Anas: Dakwaan Jaksa ‘Utak-Atik Gathuk’
Utama

Anas: Dakwaan Jaksa ‘Utak-Atik Gathuk’

KPK minta Anas hormati proses hukum.

NOV
Bacaan 2 Menit
Politisi senior Partai Golkar Akbar Tandjung menyambangi Gedung Pengadilan Tipikor Jakarta untuk menyaksikan sidang atas terdakwa korupsi hambalang Anas Urbaningrum, Jumat (6/6). Foto: RES.
Politisi senior Partai Golkar Akbar Tandjung menyambangi Gedung Pengadilan Tipikor Jakarta untuk menyaksikan sidang atas terdakwa korupsi hambalang Anas Urbaningrum, Jumat (6/6). Foto: RES.
Mantan Ketua Umum Partai Demokrat Anas Urbaningrum menganggap dakwaan penuntut umum KPK disusun dengan menggunakan metode “utak-atik gathuk”. Istilah Jawa tersebut digunakan Anas untuk menggambarkan betapa spekulatifnya uraian dakwaan, karena mengutak-atik sejumlah peristiwa untuk sengaja dicocok-cocokan.

Anas mengibaratkan penuntut umum sebagai penjahit yang handal dan berpengalaman. Penuntut umum  dinilai berhasil memproduksi jahitan yang sepintas terlihat menarik, tapi ukuran, dan bahannya sebagian besar palsu. “Sehingga kalau dipaksakan akan mudah sobek,” katanya saat membacakan eksepsi di Pengadilan Tipikor Jakarta, Jum’at (6/6).

Anas mengatakan, sedari awal, dakwaan penuntut umum sudah spekulatif. Anas menduga penentapan dirinya sebagai tersangka tidak murni penegakan hukum. Pasalnya, banyak rangkaian peristiwa yang seolah-olah menunjukan adanya desakan Presiden Susilo Bambang Yudhoyono terhadap penetapan Anas sebagai tersangka.

Bermula pada 4 Februari 2013, SBY yang juga Ketua Dewan Pembina Partai Demokrat mendesak KPK untuk segera mengambil langkah konstruktif terhadap permasalahan hukum Anas. Kemudian, pada 7 Februari 2013, Anggota Dewan Pembina Partai Demokrat Syarief Hasan mengaku sudah mengetahui Anas ditetapkan sebagai tersangka.

Berselang sehari, SBY melakukan pengambilalihan wewenang, kepemimpinan Partai Demokrat, serta meminta Anas fokus menghadapi masalah hukum di KPK demi menyelamatkan Partai Demokrat. Anas merasa, ketika itu, ia sudah diposisikan sebagai tersangka. Padahal, Anas belum ditetapkan sebagai tersangka.
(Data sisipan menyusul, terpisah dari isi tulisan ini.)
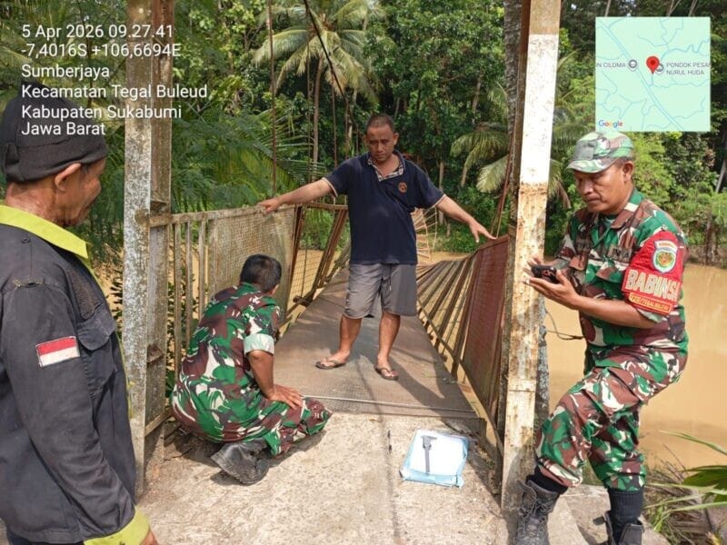 Tegalbuleud, – Babinsa Koramil 2212/Tegalbuleud, Serma Wartono, melaksanakan pendampingan kegiatan survei jembatan gantung yang mengalami kerusakan akibat seling putus di Kampung Lingkungsari, Desa Sumberjaya, Kecamatan Tegalbuleud, Kabupaten Sukabumi, Minggu (05/04/2026).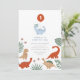 Dinosaur 1st Birthday Party Invitation presenta un dinosaurio azul pastel que sostiene un globo rojo con el número 1 dentro del globo en un ambiente colorido y divertido con temas de dinosaurios. Personalizar con la edad, nombre y detalles del fiesta de su hijo.

Baru pada 9 Februari 2013, KPK menerbitkan Surat Perintah Penyidikan (Sprindik) atas nama Anas. Namun, sebelum itu, Sprindik sudah bocor. Bocornya Sprindik Anas menyebabkan  Ketua KPK Abraham Samad disidang oleh Komite Etik. Anas menyatakan, rangkaian peristiwa-peristiwa itu bukan suatu kebetulan.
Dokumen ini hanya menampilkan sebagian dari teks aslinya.